Stephane Mahe/Reuters
This may not end well.
There’s an unprecedented level of calm across the markets, whether it’s measured by the low volatility in US stocks or G7 currencies. Economies across the world are growing steadily, and interest rates are still historically low — a desirable combo some strategists like to call “Goldilocks.”
Major credit for that apparent stability goes to central banks and their several years of low interest rates and large bond purchases, according to Macquarie’s Viktor Shvets and Chetan Seth.
However, that also means any policy mistake could undo their efforts and shake up the global economy. They’ve created “what is essentially a long-term ‘doomsday’ machine,” Shvets said in a note on Monday.
“We remain constructive on financial assets (both equities and bonds), not because we expect a return to self-sustaining private sector led recovery and growth but because we believe that an ongoing financialization is the only politically and socially acceptable answer,” Shvets wrote. “In our view, therefore, the greatest risk is one of policy miscalculation.”

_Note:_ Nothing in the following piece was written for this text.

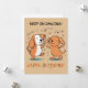 Esta tarjeta de cumpleaños incluye dos adorables perros 2D bailando sobre un fondo de color pergamino con notas de música negra. Los perros están sonriendo y pasándola bien, y el texto de arriba dice "¡Sigue bailando!" mientras que el de abajo dice "¡Feliz cumpleaños!" Es una carta divertida y colorida, perfecta para quien quiera bailar.
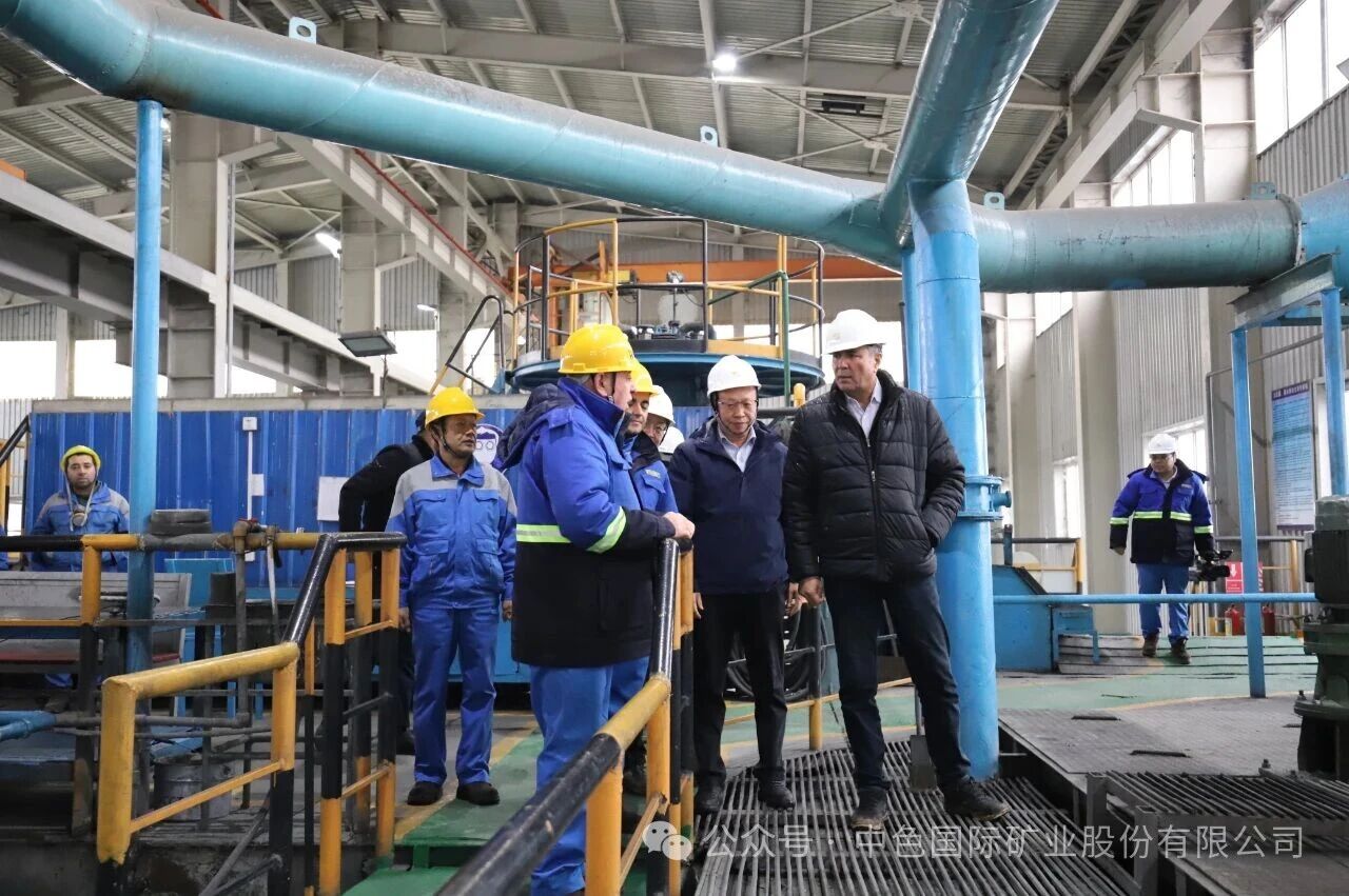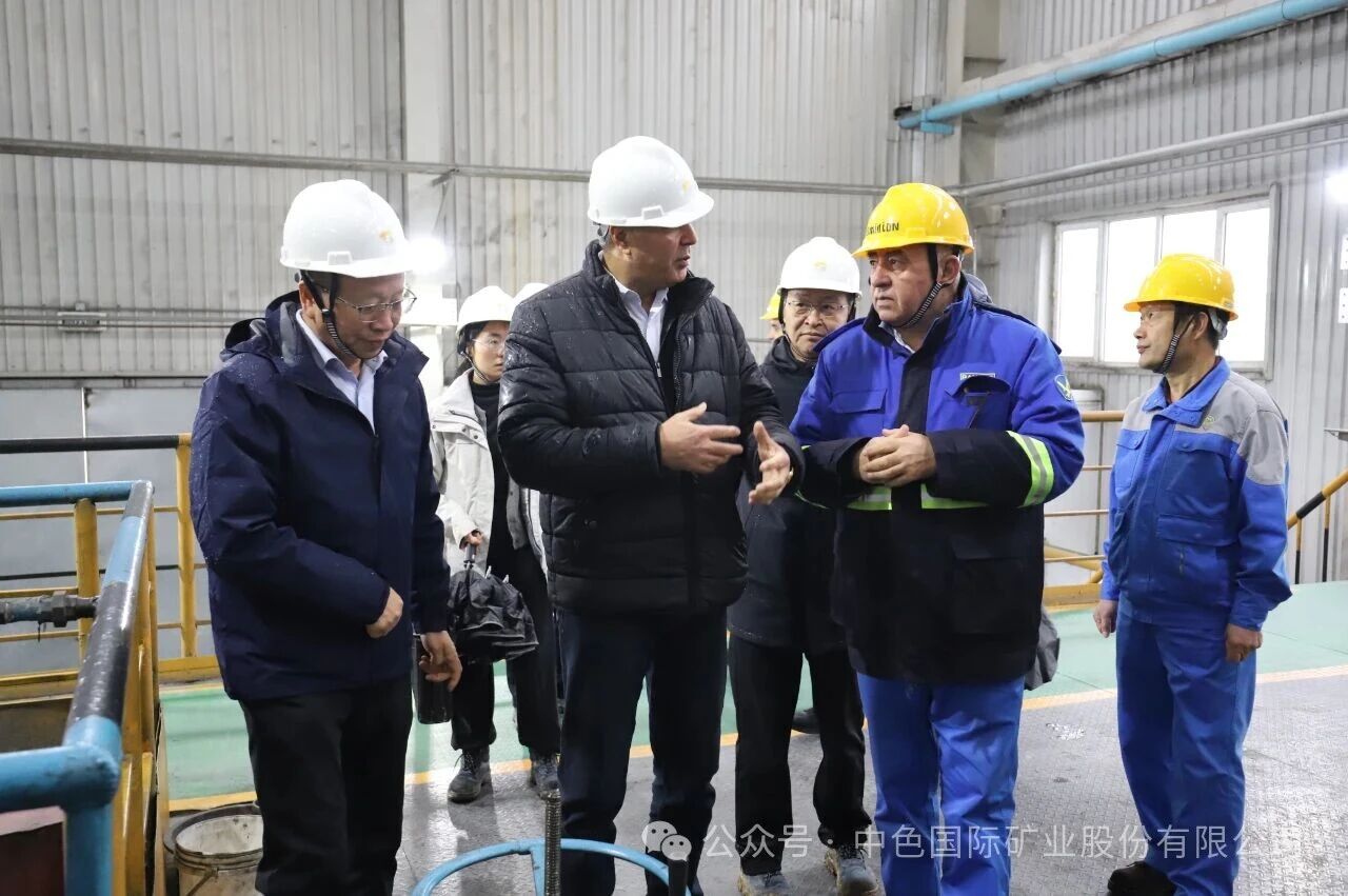 植树活动结束后,郭志军大使和纳斯鲁洛·马赫穆佐达主席等一行专程前往中色国矿帕鲁特公司冶炼厂进行座谈交流。中色国矿董事长徐宗西详细汇报了公司在安全生产、科技攻关、资源保障、精细化管理以及履行社会责任等方面的工作进展与未来规划。双方围绕深化中塔矿业合作、推广绿色低碳技术、促进当地经济社会可持续发展等议题进行了深入务实的交流探讨。

The reflation trade in US stocks was jolted after the election, when Wall Street bet that the Fed would get a helping hand from fiscal policy and tax cuts. With that, economic growth and inflation were expected to pick up. But fumbles over healthcare reform showed that this could take longer than expected.
Even if there’s eventually implementation, Shvets doesn’t see any resulting economic growth as a result of higher consumption and business spending.
“Unfortunately, we do not see evidence that velocity of money is improving and neither are there signs that sectoral balances are moving towards sustainably higher private spending while core inflationary pulse remains weak,” Shvets wrote.
“We continue to view China’s leveraging and CBs’ injections of liquidity and suppression of volatilities as the key drivers of global reflation. We also maintain that it is unlikely that the Trump administration policies will lead to any sustained gain in either consumption, investment or current-account deficits.”
In short, the slightest mistake by central banks or China could be disastrous.